Officially, it never did. There were a lot of powerful, off-the-books rules like that, so powerful that they didn’t even seem like rules. They seemed almost like physical laws, like gravity—norms, a social scientist might call them—and they governed our lives long after we left Quiet Street and on-ramped to the Triborough Bridge, as it was then known. Thereafter, we filled the bus again with noise and crossed the Harlem River to our playing fields on Randall’s Island. These happened to look out on another island: Rikers—a prison complex, where, of some 6,000 inmates, about 90 percent are Black or Latino.

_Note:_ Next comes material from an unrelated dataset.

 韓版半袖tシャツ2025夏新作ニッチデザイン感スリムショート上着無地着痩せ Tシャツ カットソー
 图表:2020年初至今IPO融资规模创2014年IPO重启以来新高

Children at schools like Buckley almost never ended up anywhere like Rikers Island. They could, for fun, kick garbage cans into traffic on Park Avenue in the velvet dusk of a spring weekday and suffer no consequences. They could be arrested for, say, vandalism and underage intoxication, mouth off to the arresting officer—“Yeah, I got a bazooka in my pocket”—and be released without charge from the local precinct into the care of a teenage sibling. Passing into adolescence, many such children developed a sense of invincibility. This is common enough among adolescents but lasted, for some of the people I grew up with, deep into adulthood.

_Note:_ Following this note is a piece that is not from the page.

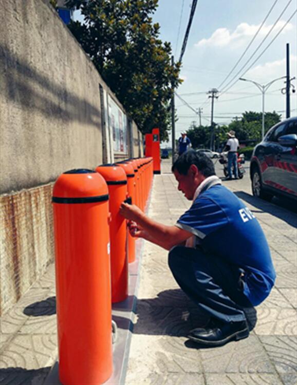 車輛安全卸下后,工人們來到花溪苑一區(qū)門口站點(diǎn)安裝調(diào)試新的機(jī)柜、鎖柱,并將新車一輛輛上軌,擺放整齊。為了不影響附近居民的使用,工作人員搶時(shí)間、戰(zhàn)高溫,基本做到了當(dāng)天拆當(dāng)天安裝,在24小時(shí)內(nèi)恢復(fù)正常使用。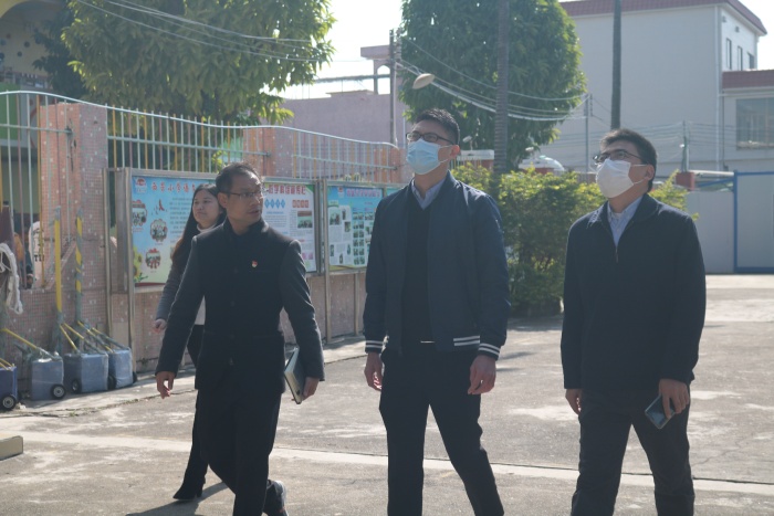 2月25日上午,東鳳鎮黨委委員冼嘉濤、東鳳鎮教體文旅局局長吳宏安到西罟小學開展調研工作,東鳳鎮西罟步村書記張桂南陪同。冼委員和吳局長在崔杰文校長和學校行政的陪同下認真視察校園,視察室場以及校園文化建設,全面了解學校的疫情防控、校園管理以及教育教學、未來發展愿景等。冼委員高度肯定了學校在疫情防控、校園文化方面的工作開展得扎實落細,為全體師生平安健康保駕護航。

The shock, rage, and chagrin expressed by the rare one-percenter sent to prison were genuine. They were genuinely surprised that the world did not bend to their will as it had since childhood. One schoolmate of mine, convicted of murder despite his insanity plea, wrote a letter to the Manhattan district attorney noting that, like him, he was “a graduate of Buckley”—as though this were a basis on which to begin clearing up the charge. The connection usually didn’t have to be mentioned, and especially not in writing. On the off chance that no mutual friend existed to make a necessary introduction, there were other ways to signal membership in the tribe. The handshake, for example. Teachers manned the door each morning and might deny a student entry until he had shaken hands and voiced a greeting to the teacher’s satisfaction.

“Good morning, sir.” Firm grip, direct eye contact, tie knotted, 10 years old.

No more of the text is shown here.